Bu nedenle, müzikal gelişimin çocukların genel gelişimi üzerinde olumlu bir etkisi olduğu unutulmamalıdır. Çocuğun düşüncesi gelişir, duygusal alan zenginleşir ve müziği deneyimleme ve hissetme yeteneği, genel olarak güzelliğe olan sevgiyi, yaşamdaki duyarlılığı geliştirmeye yardımcı olur. Zihinsel işlemler, dil, hafıza da gelişiyor. Bu nedenle, bir çocuğu müzikal olarak geliştirerek, uyumlu bir şekilde gelişmiş bir kişilik oluşumuna katkıda bulunuruz ki bu çok önemlidir. Okul öncesi çocukların müzik etkinliği, çocukların müzik sanatı (ve onun aracılığıyla çevredeki yaşam ve kendileri) hakkındaki bilgilerinin çeşitli yolları, araçlarıdır ve bunların yardımıyla genel gelişim de gerçekleştirilir.

Kaynakça:

  1. Vetlugina N.A. Anaokulunda müzik eğitimi. -M.; Aydınlanma, 1981
  2. Anaokulunda müzik eğitimi yöntemleri / ed.
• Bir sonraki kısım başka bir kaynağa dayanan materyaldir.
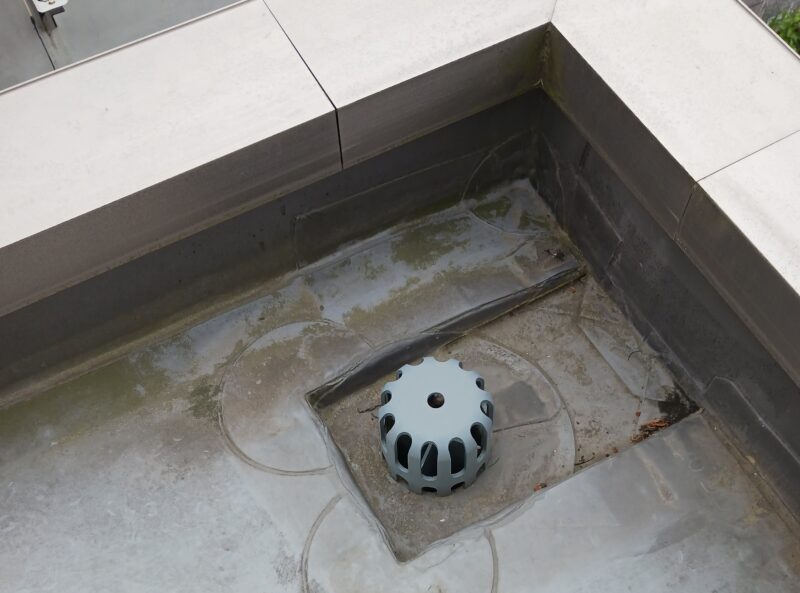 排水ドレンは定期的にチェックしておきたい場所ですが、こちらの建物はご自身でチェックするには少し面倒事かもしれません。
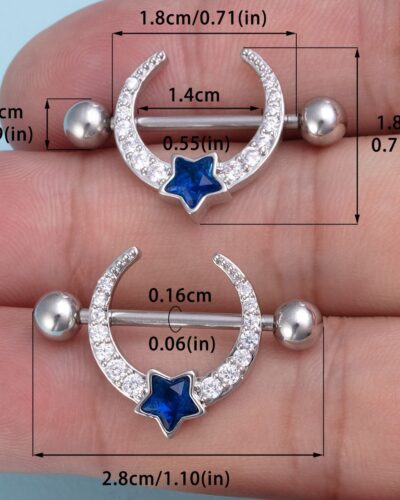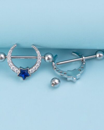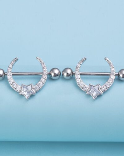 Nippe Piercings Jewelry with Star-Shaped Design✨. Made of stainless steel, the moon-shaped nipple studs are inlaid with star-shaped zircon stones. They enhance your charm after wearing, and are designed for private wear, smooth and non-irritating.
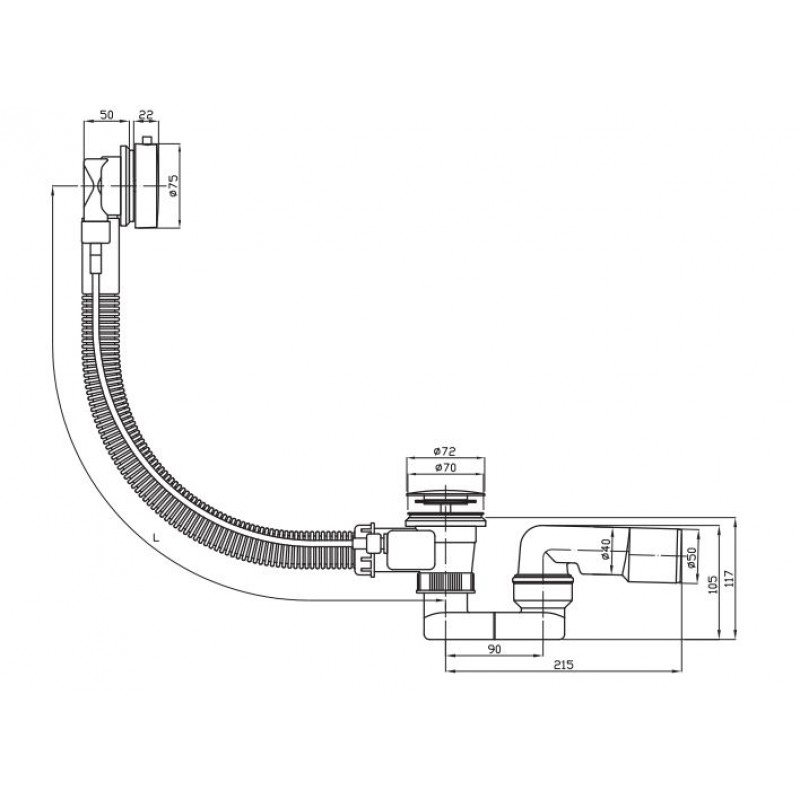 Jika Automatická vaňová výpust vrátane vaňového sifónu 40/50, dĺžka 550 mm, plastové telo prepaduilustračné foto

Vetlugina N.A. - E, 1982.
  3. Metlov N.A. Müzik - çocuklar için - M.; Aydınlanma, 1985
  4. Nazaikinsky E.V. Müzik eğitimi psikolojisi üzerine. - M.: 1972.
  5. Tarasov G.S. Müzik eğitimi sisteminde pedagoji. - M.; 1986
  6. Teplov B.M. Müzikal yeteneklerin psikolojisi - M., L., 1977.
  7. Khalabuzar P., Popov V., Dobrovolskaya N. Müzik eğitimi yöntemleri - M., 1989.
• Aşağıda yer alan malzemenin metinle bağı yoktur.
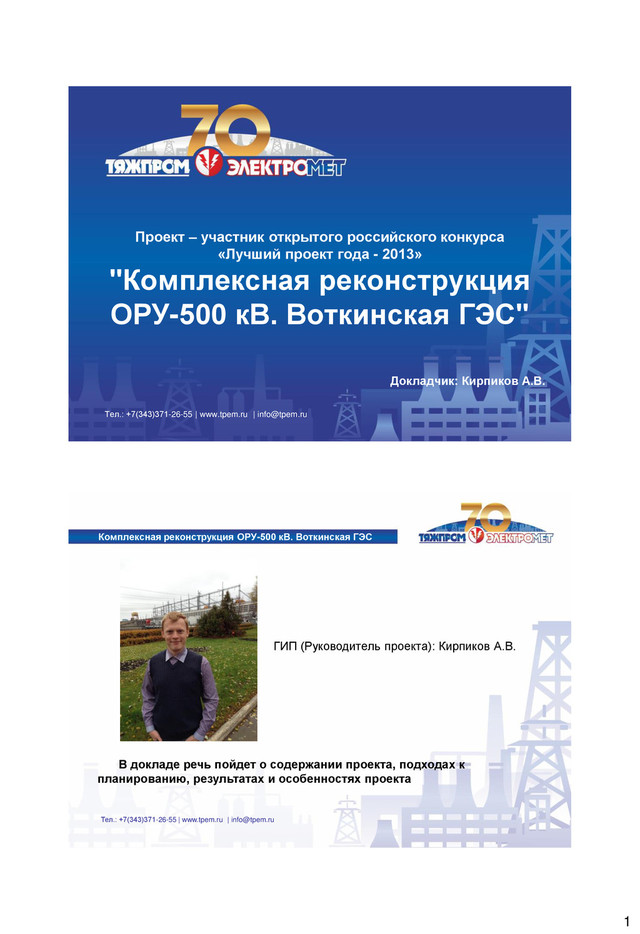 - 2013» "Комплексная реконструкция ОРУ-500 кВ. Воткинская ГЭС" Тел.: +7(343)371-26-55 | www.tpem.ru | [email protected] Докладчик: Кирпиков А.В. Комплексная реконструкция ОРУ-500 кВ. Воткинская ГЭС Тел.: +7(343)371-26-55 | www.tpem.ru | [email protected] В докладе речь пойдет о содержании проекта, подходах к планированию, результатах и особенностях проекта ГИП (Руководитель проекта): Кирпиков А.В.
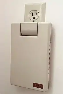 The X100—the flagship product in the Popcom range—is an external modem, housed in a beige[4] plastic case with a built-in AC power adapter.[5] Its two-pronged (non-polarized) plug is molded into a swiveled hinge, allowing it to hug the wall when the modem is plugged directly into a wall socket (the prongs perpendicular to the socket and the rest of the unit parallel) or be plugged into a power strip (the entire unit perpendicular to the strip).[6] The three communications ports of the X100 include the RS-232 serial port (a female DB-25 connector), a modular 6P6C port for telephone handsets, and a modular 8P8C port that connects the X100 to the wall phone jack. The communications ports are located opposite the AC plug, or at the base of the modem when the modem is plugged into the wall.[7] The X100 measures 7.8 by 4.7 by 1.6 inches (19.8 by 11.9 by 4.1 cm)—not including the plug, which contributes to 0.7 in to either the length or depth, depending on the direction it faces.[7] The plug cannot fold down into the unit.[8] A dimple in what is normally the rear of the unit contains a radial potentiometer in its center, which adjusts the volume of the modem's internal speaker. When the X100 is plugged into a wall socket, the speaker faces flush to the wall, so ventilation slots are included to let sound out through the sides of the unit.[4]
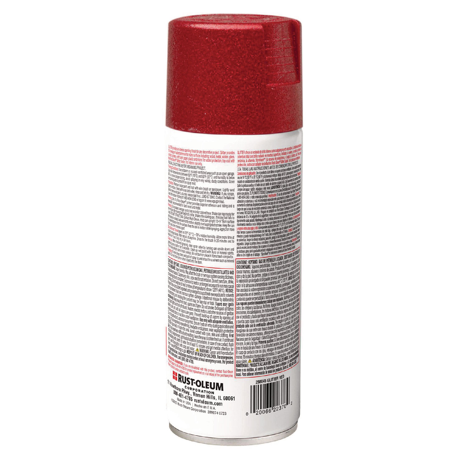 Rust-Oleum Specialty Glitter Spray provides an intense sparkling finish for any interior craft or decorative project. Unique glitter paint can be layered for a deeper effect and enhanced radiant shimmer. Glitter Spray Paint works on a variety of surfaces to add a pop of color for any special event or gathering. Apply over a similar color base coat for maximum sparkle and full coverage. Paint Sub-Category: Specialty; Spray Paint; Intended Application Environment: Interior; Finish/Sheen: Glitter; Color(s): Red.

İÇİNDEmüziğin anne karnındaki çocuk üzerindeki etkisi.

Bir dizi araştırmaya göre, çocuk daha doğmadan önce dış dünyadan gelen sesleri duyar ve titreşimleri hisseder. Ebeveynler, doğmamış bir çocukla şarkı söyleyip konuştuğunda, onun da onlarla ve dış dünyayla iletişim kurduğuna inanılır. Çocuklar, çoğunlukla sarsıntı şeklinde seslere tepki verebilir. Bazı araştırmalar, bebeklerin anne karnındayken bile kendi müzik tercihlerine sahip olduğunu bulmuştur. Eğer şarkı sözünü dinlersen klasik müzik büyük olasılıkla çocuk sakinleşecek ve tekme atmayı bırakacaktır. Ve rock veya metal tarzındaki müzik, anne karnında gerçek dansları kışkırtabilir.

Katılan bilim adamları bilimsel araştırma Müziğin çocukların fiziksel gelişimi üzerindeki etkisi hakkında Mozart dinlemenin çocukların zihinsel faaliyetlerinin gelişimine katkıda bulunduğuna inanıyorlar. Bilim adamları bu fenomene "Mozart etkisi" diyorlar. Müziğin çocuk üzerindeki faydalı etkilerini hissetmek için doktorlar genellikle annelere lirik müziği (özellikle klasik) daha sık dinlemelerini tavsiye eder. Müzik, yaşamdaki uyumu yavaş ama etkili bir şekilde yeniden sağlayan ve çocuğun daha fazla fiziksel gelişimine katkıda bulunan insan doğasının bir parçası olarak kabul edilir.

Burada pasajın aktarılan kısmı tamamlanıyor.